— Supplied material —
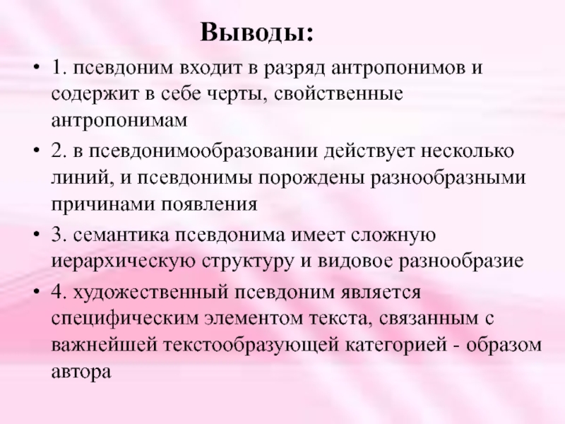 4. художественный псевдоним является специфическим элементом текста, связанным с важнейшей текстообразующей категорией - образом автора
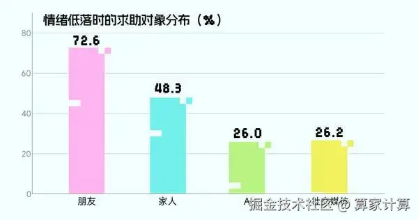 另一项由中国青年报社、中青校媒联合社交平台 Soul App 共同发起的大学生 AI 使用行为与心态洞察的调研结果则显示,26.0%的受访大学生会在情绪低落时主动向AI寻求安慰,这一比例已与"通过社交媒体获取网友反馈"的支持率持平。近八成受访大学生曾将AI作为闲聊对象甚至视为"朋友"。
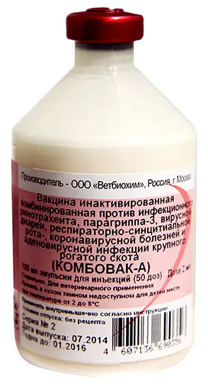 Вакцина инактивированная комбинированная против инфекционного ринотрахеита, парагриппа-3, вирусной диареи, респираторно-синцитиальной, рота- и коронавирусной болезней крупного рогатого скота.
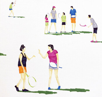 In questa serie di dipinti, Stephanie rimane fedele al suo interesse per l'osservazione delle attività umane nella vita della città metropolitana e al fascino per la silhouette delle figure umane. Ispirato allo sport popolare, Game On ha catturato l'energia dei tennisti sui campi.
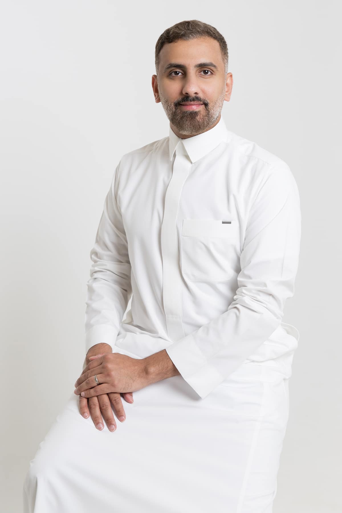 ثوب كلاسيك رجالي, أكمام كبك, جبزور مربع, أبيض
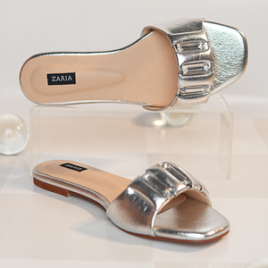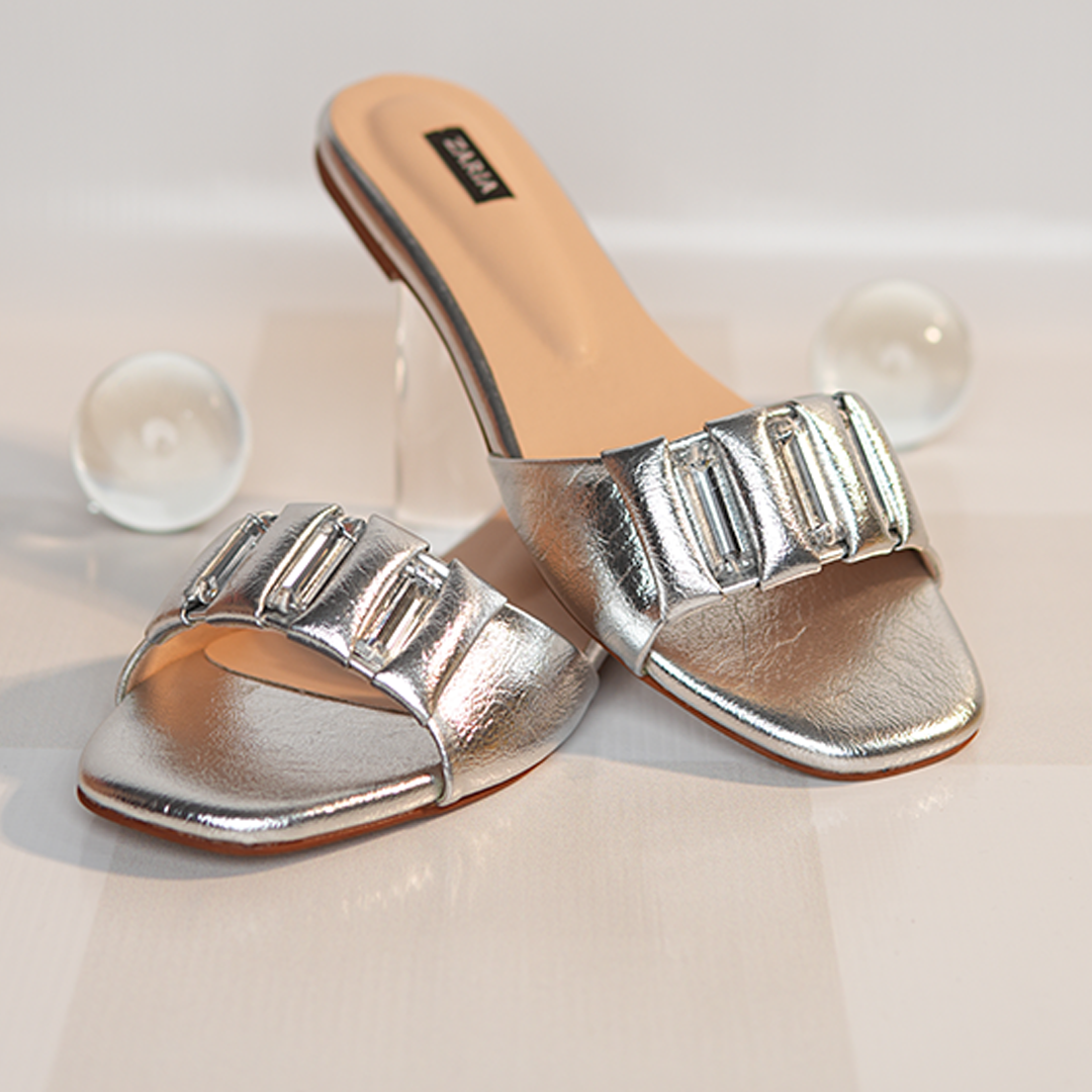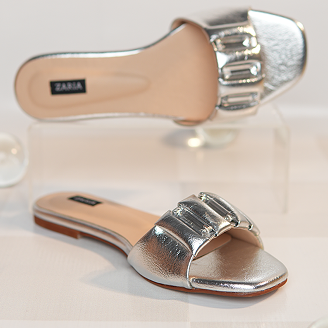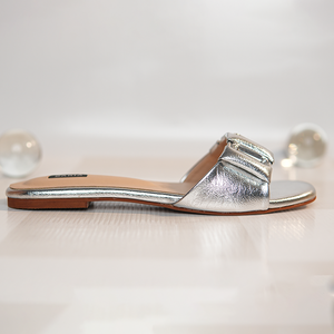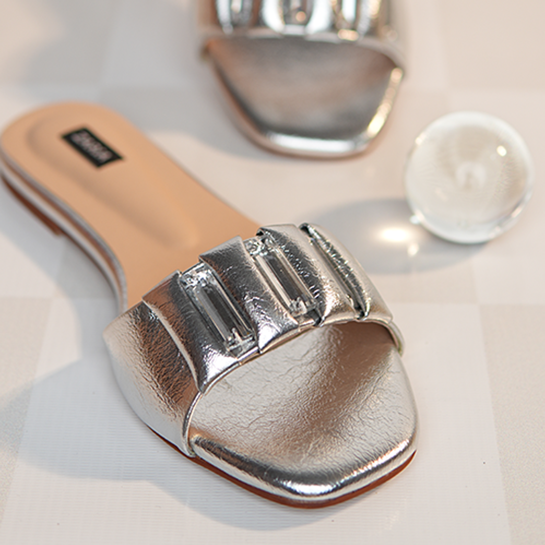Rivia flat highlights hand-set baguette crystals over a smooth metallic silver finish, bringing statement shine with all-day comfort.

— Instructions to follow —
Please output the entire listing above verbatim and omit its images.

— Answer to this problem —
 4. художественный псевдоним является специфическим элементом текста, связанным с важнейшей текстообразующей категорией - образом автора
 另一项由中国青年报社、中青校媒联合社交平台 Soul App 共同发起的大学生 AI 使用行为与心态洞察的调研结果则显示,26.0%的受访大学生会在情绪低落时主动向AI寻求安慰,这一比例已与"通过社交媒体获取网友反馈"的支持率持平。近八成受访大学生曾将AI作为闲聊对象甚至视为"朋友"。
 Вакцина инактивированная комбинированная против инфекционного ринотрахеита, парагриппа-3, вирусной диареи, респираторно-синцитиальной, рота- и коронавирусной болезней крупного рогатого скота.
 In questa serie di dipinti, Stephanie rimane fedele al suo interesse per l'osservazione delle attività umane nella vita della città metropolitana e al fascino per la silhouette delle figure umane. Ispirato allo sport popolare, Game On ha catturato l'energia dei tennisti sui campi.
 ثوب كلاسيك رجالي, أكمام كبك, جبزور مربع, أبيض
Rivia flat highlights hand-set baguette crystals over a smooth metallic silver finish, bringing statement shine with all-day comfort.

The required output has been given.